Daniel Green says he was at a cookout with his mother, his sister, several friends, and a girl he had a romantic interest in. And multiple witnesses corroborated his story. But when the case went to trial, for whatever reason, Daniel's defense didn't spend much time exploring the alibi and only called two witnesses.
 The gun evidence was one of the three pillars of the prosecution's case. But at the Daniel Green murder trial, the state was never able to prove that the 38 caliber revolver found was the one used in the James Jordan murder. They couldn't do it. The ballistic test didn't match. The primary narrative of the prosecution's case is that James Jordan was killed in his car and that Demery said he saw Daniel Green shoot and killed James Jordan, but Daniel Green says, "I wasn't there.
" And everybody else corroborated that. The original defense team never conducted bullet trajectory tests to disprove the shooting could have happened. As Demory testified decades later, there were field tests conducted based on the detailed desk the testimony from Deerry about where Daniel was in relation to the car and the bullet trajectory.
Experts said the shooting could not have happened as described by Larry Demery. Now, Mr. Jordan's body was found draped over a tree limb in Gum Swamp near the North Carolina South Carolina border about a mile from Crestline Mobile Homes. He had been in the water for nearly 2 weeks. The coroner concluded he died from a single gunshot wound to the right chest.
 The autopsy report states the coroner searched thoroughly for a corresponding bullet hole in the shirt, but it was not there. Three years later, when the shirts entered into evidence at Daniel Green's murder trial, it's presented with a bullet hole in the right chest. The prosecution also presented evidence of gunpowder on the shirt, but the pathologist conducting the autopsy noted none.
 The original defense team's handling of the gun evidence, the blood evidence, and the shirt presented at trial are among Daniels Green's claims that he received ineffective assistance of counsel during his trial. Now, one of the first calls made from James Jordan's car phone the day he died was to Hubert Larry De, a convicted drug dealer.

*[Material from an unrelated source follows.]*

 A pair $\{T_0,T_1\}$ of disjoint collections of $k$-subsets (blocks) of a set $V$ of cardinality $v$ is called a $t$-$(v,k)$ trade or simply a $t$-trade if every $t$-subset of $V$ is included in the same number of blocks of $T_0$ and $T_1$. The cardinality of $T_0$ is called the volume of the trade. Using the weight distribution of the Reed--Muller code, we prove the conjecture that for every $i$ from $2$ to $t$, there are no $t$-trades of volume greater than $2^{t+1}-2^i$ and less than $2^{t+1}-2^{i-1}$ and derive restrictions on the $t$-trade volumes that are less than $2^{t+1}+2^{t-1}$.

 Why is he calling a convicted drug dealer? And also, this drug dealer is the biological son of Robinson County Sheriff Hubert Stone, who investigated the Jordan murder. But the jury never heard about it. The judge did not allow that call to be presented as evidence at the trial, saying there was no known connection between De and Sheriff Stone.

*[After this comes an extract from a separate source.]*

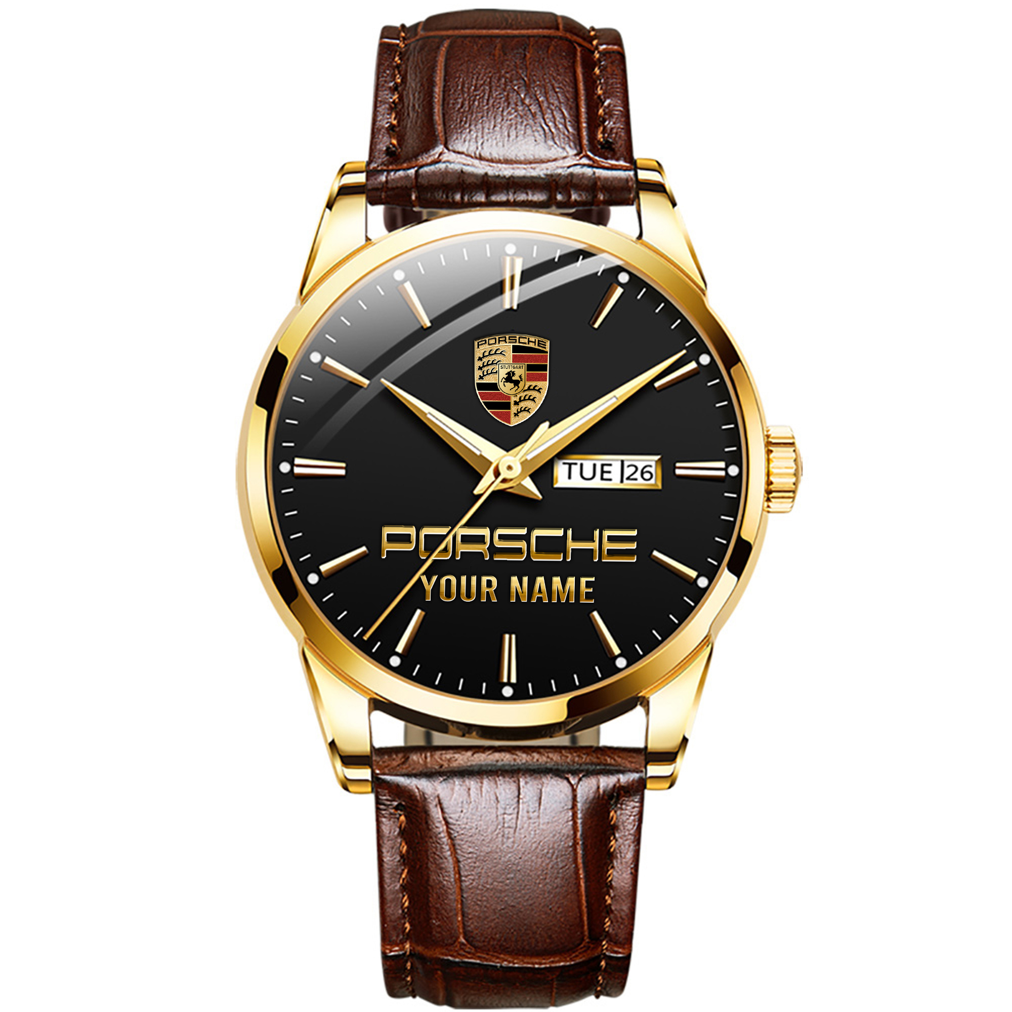With the launch of the exclusive Made-to-Order service, you can make your watch unique by not only having your special Porsche Emblem but also your Name printed on the watch. Elevate your style with our custom watches featuring your favorite car logo. Meticulously crafted for durability and water resistance, these watches are the perfect item for daily use. Discover the ultimate combination of luxury, utility, and personalization!

 Um, that's the biological son. jurors never heard about that phone call or the relationship between D and the sheriff. The state interviewed De, but there's no record of the interview. It's absolutely bonkers. And there's been a lot of appeals and stuff like that. Now, what about Jordan? It's right after this that he retires, right? What really happened? There was no league investigation.
You know, the league said they were going to investigate, but they really didn't. the the investigation or the announcement of an investigation was only to satisfy the press because they had begun to pry into Michael Jordan's gambling issues. The second Michael Jordan retired. The NBA said, "Oh, we don't need to look into it anymore.

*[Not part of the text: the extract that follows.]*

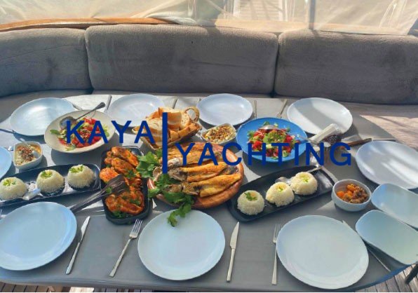During your private tour, your palate is as much a priority as your comfort. The private lunch [metin], included in the tour price, is served while anchored in a stunning, deep blue bay at the most beautiful time of the day. A rich menu, including cold appetizers, seasonal fruits, cheese, and charcuterie options, graces your table with an elegant presentation , , .
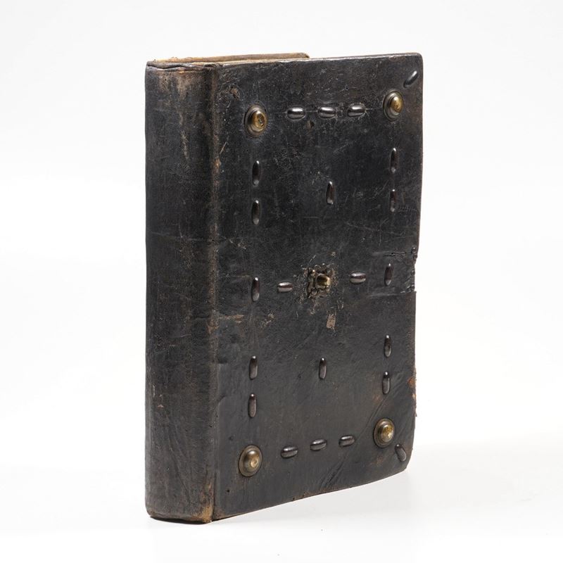 Grande volume in-folio. Rilegatura coeva in stile monastico con borchie metalliche ai due piatti. Frontespizio e testo stampato in rosso e in nero

 It's done because he's not a member of the NBA, but when he came back a year and a half later, they never brought it up again." It is the same thing as like the show Atani thing. Can you imagine the devastation if Michael Jordan with all the digging that reporters would have done were to be found out betting on Chicago Bulls games or other NBA games.
 It would have crushed the league. Nike, the biggest sponsor, would have crushed them. So, what do we do? We make Michael Jordan go away for a little bit. Oh, his dad was murdered, too. That's a great reason we can say, "Oh, he's doing this because his dad always wanted him to play baseball, so that's why he's doing that.
" Okay, you guys, that is it for this one. I will talk to you later.